The disruption of a nonpainful or painful intervertebral disk carries serious risks with it. Intervertebral disks are self-contained pressure zones, and disrupting this zone may affect the integrity of the disk and risks increasing patient pain. There is much controversy as to the use of this technique [1, 2, 42, 43]. Discography also carries the regular risks associated with invasive test, such as infection bleeding and. There is a slight risk thatthe needle will brush a nerve when it is inserted and cause persisting pain for a few days [38].

Discography is provided as a last result to diagnose abnormal disks. Discography is only offered to patients who have already tried medications or activity recommendations to treat their problems [38]. Discography will not be performed if the patient is allergic to the injected dye or if a patient is on blood thinning medications.

3.2.2. Myelography

Myelography is no longer commonly used. Myelography is normally used if a patient has an internal medical device which restricts the use of an MRI machine [5, 44]. The test takes approximately 30–60 minutes. This exam length is followed by a period of observed recovery which can last up to 4 hours. At such time the patient will be discharged and recommend to keep their head elevated above their body for 8 hours to provide time for the dye to absorb. Patients are also recommended to relax for a couple days following the procedure [4, 5]. Myelography results are sent to a physician for interpretation.

This procedure is performed in a special room and requires fluoroscopy equipment costing approximately $500,000 [39]. A physician is required to inject the contrast material into the spinal canal, and a technician is required to run the fluoroscopic X-ray equipment. Alberta health pays approximately $150 for this procedure [45].

Patients may experience varying degrees of discomfort/pain when the contrast material is injected into the spinal canal. Prior to contrast injection, the injection site is numbed with a small needle. The contrast may cause patients to experience nausea, headaches, or more severe symptoms during or following the procedure [4, 5]. Patients are required to lie still on their stomach or side for the duration of the test which may be quite uncomfortable.

Myelography is currently only available at large urban hospitals [41]. This procedure has been all but replaced by MRIs and CT scans. Myelography is commonly only performed when a patient has a factor which restricts them from receiving an MRI or CT scan, such as metal implants, claustrophobia, or device weight restrictions.

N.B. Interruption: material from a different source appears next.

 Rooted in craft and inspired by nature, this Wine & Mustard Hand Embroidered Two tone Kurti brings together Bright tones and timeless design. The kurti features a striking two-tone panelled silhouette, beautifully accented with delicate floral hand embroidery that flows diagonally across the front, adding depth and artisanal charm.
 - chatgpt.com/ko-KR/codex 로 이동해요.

The path of the contrast material is tracked through the patient’s spinal canal which will indicate where abnormalities exist. Myelography does not provide any specific identification of the abnormalities unless they are visibly determinable from the contrast path. Patient movement may obscure results [42, 43, 4648].

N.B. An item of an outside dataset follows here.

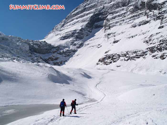 On the 14th, the members, accompanied by 4 kitchen assistants, 1 cook, and 2 climbing sherpas, climbed up to 5034 metres / 16, 511 feet, in the direction of the French Pass, and made a good camp in a sheltered, dry, flat, rocky valley with a clean flowing stream. This is where I am writing you from at this moment. The plan is to stay up here and acclimate and hike the dry moderate rocky slope up to 5800 metres / 19,024 feet, in order to further acclimate, before we climb through the rocky icefall. We are calling this our Advanced Basecamp (ABC) on the way to French Pass.

There are significant risks associated with the injection of contrast into the spinal canal [4648]. A patient must, during the procedure and subsequently for 8 hours, keep their head elevated above their body to prevent dye from leaking into their head. If the dye does leaks into one’s head it has results varying form a headache and nausea to a seizure. The injection site of the needle poses a risk that it may not close properly, potentially allowing spinal fluid to drain out, resulting in the requirement of further procedures to stop the leak. In some cases extremely serious effects such as paralysis or loss of bowel/bladder control may result [4, 5].

Myelography is restricted by patients allergies to the contrast agent used. The major restriction, of the myelography procedure, is that myelography only allows the physician to see abnormalities within the spinal canal and nerves roots surrounding this. Myelography does not record with any certainty, abnormalities outside of the spinal canal. This procedure is often avoided for pregnant women due to the risk to the fetus. Myelography may not be an option for patient with structural spinal issues or following certain spinal surgeries due to difficulties in properly injecting the contrast material [4, 5].

3.2.3. SPECT

SPECT technology is no longer commonly used as the hybrid SPECT and CT scanners are now widely implemented. A SPECT scan requires a patient to receive isotope injection and then wait three hours for the isotopes to distribute. After this waiting period the actual exam takes approximately 35 minutes [8]. After the procedure the patient is free to leave, and the radioactive isotope should be completely eliminated from ones system via urine within 24 hours [49]. SPECT results are sent to a physician for interpretation.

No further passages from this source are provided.